= Adrian & the Mysterious D =

Adrian & the Mysterious D (A Plus D) were an American DJ duo who helped popularize mashup and bootleg music in America. The duo consisted of Adriana Roberts and Deidre Roberts. Based in San Francisco, the duo founded the Bootie club night in 2003, the first mashup bootleg party in the United States. In 2005, they started a sister Bootie club in Los Angeles, and in 2007, launched Bootie parties in New York City and Paris, and in 2008, Munich and Boston. Bootie Mashup parties and one-offs in other cities followed.

Under their mashup producer moniker, A Plus D, they created dozens of mashups between 2004 and 2012, often utilizing underground and alternative artists for their creations.

They were nominated twice – 2004 and 2006 – in the "Best DJ" category in the SF Weekly Music Awards and in 2012 won a local "Nitey" award in San Francisco for "Best Club Promoter".

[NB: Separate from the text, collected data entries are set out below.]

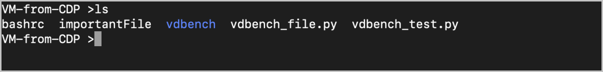 登录新建云主机(VM-from-CDP)的控制台,执行ls命令,查看目录下的文件。可以看到importantFile文件存在。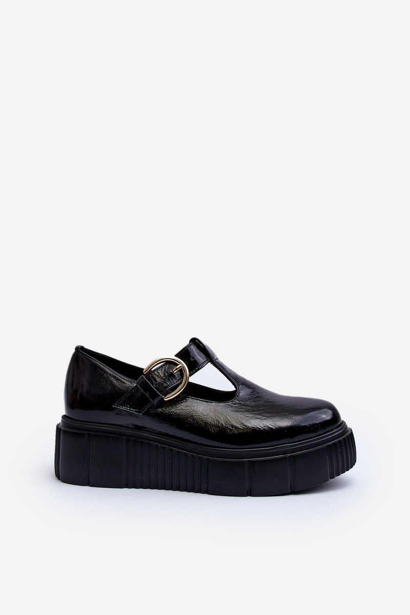 Zazoo 20102 Moderní Lakové Polobotky na Masivní Platformě Černé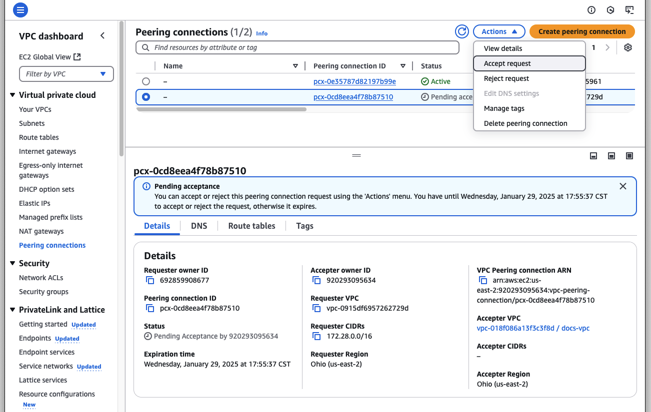When the Network's status changes to Peering initiated, you can click on the Peering Connection ID link to be taken to the Peering connections section of the AWS console, where you should see the incoming peering request.

During their 15-year career, they staged "The A+D Show" several times at the DNA Lounge, a multimedia mashup show that mixed DJing with video and live performance.

The duo also toured Europe and Asia many times, with gigs in London, Paris, Berlin, Amsterdam, Munich, Copenhagen, Hong Kong, Beijing, and Sydney.

In early 2018, Mysterious D left Bootie Mashup to pursue other business interests, leaving Adriana A as the sole owner of the brand.